# Antibiotics-Induced Intracranial Hypertension: A Case Report With Literature Review

**Authors:** Mariam Assardoun, Yahya Naji, Soumia Nedday, Sara Laadami, Nawal Adali

PMC · DOI: 10.7759/cureus.55424 · Cureus · 2024-03-03

## TL;DR

A 19-year-old patient developed intracranial hypertension after receiving antibiotics, and symptoms improved after treatment with methylprednisolone and topiramate.

## Contribution

This case report adds to the understanding of antibiotic-induced intracranial hypertension and its successful management.

## Key findings

- The patient showed regression of headaches and papilledema after treatment.
- MRI revealed indirect signs of intracranial hypertension.
- CSF pressure was elevated at 290 mmHg with normal CSF and blood tests.

## Abstract

Idiopathic intracranial hypertension (IIH) is a rare condition characterized by increased intracranial pressure, with an unknown cause. However, the pathophysiology of antibiotic-induced IIH remains unclear.
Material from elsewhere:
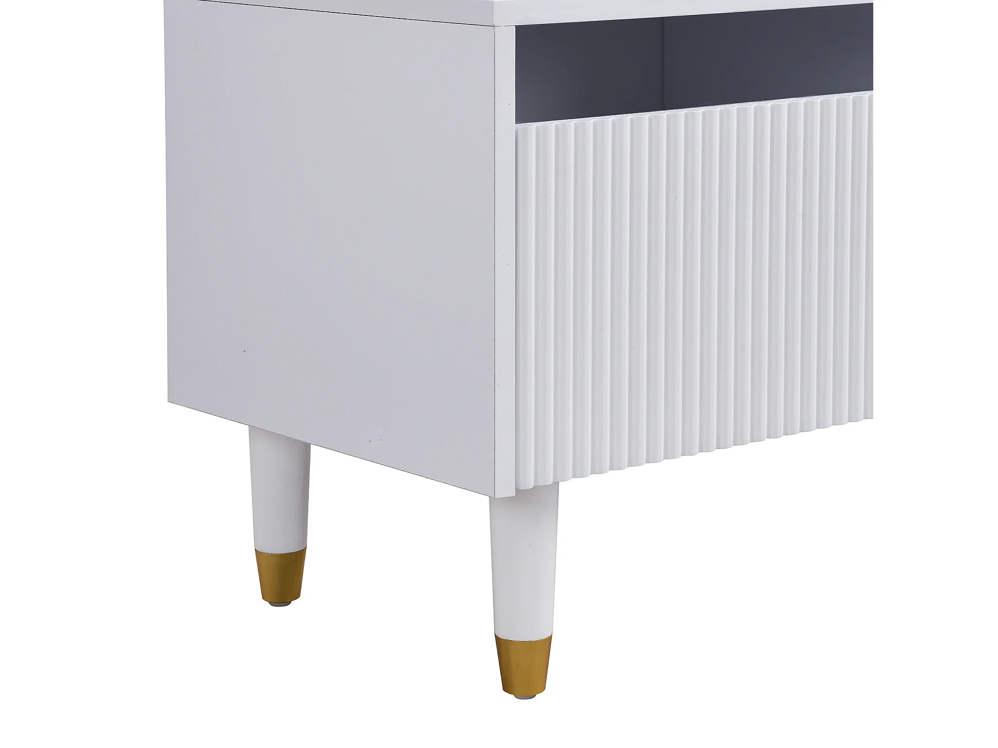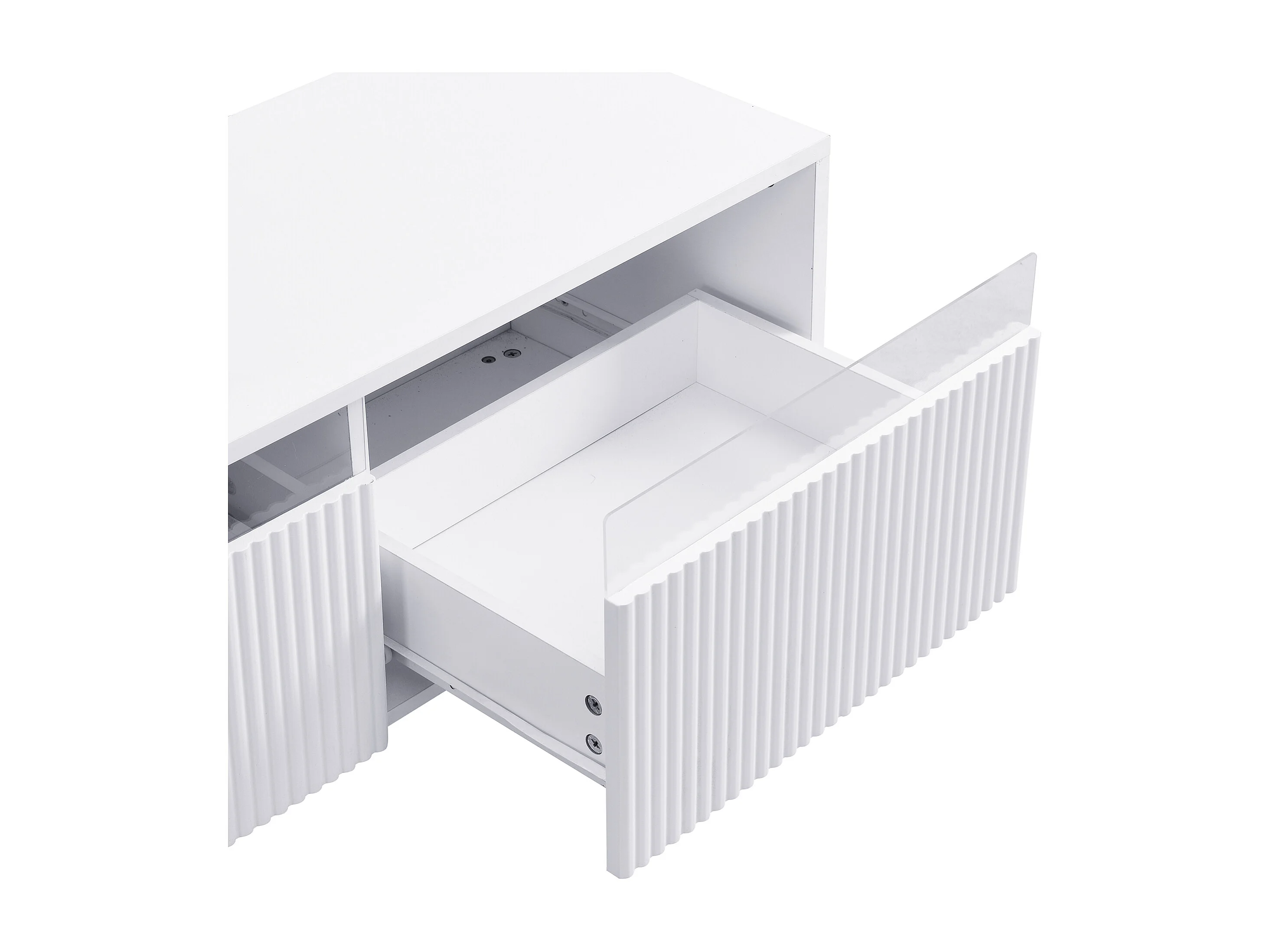 Meuble TV blanc avec 2 tiroirs et étagères ouvertes - Éclairage LED

The clinical symptoms include headache, visual disturbances, and vomiting. The diagnosis is confirmed by an elevated intracranial pressure (ICP) with normal CSF study and cerebral imaging. Management includes discontinuing the offending antibiotic and reducing ICP with medications such as acetazolamide or diuretics. Therefore, surgical intervention may be necessary in severe cases.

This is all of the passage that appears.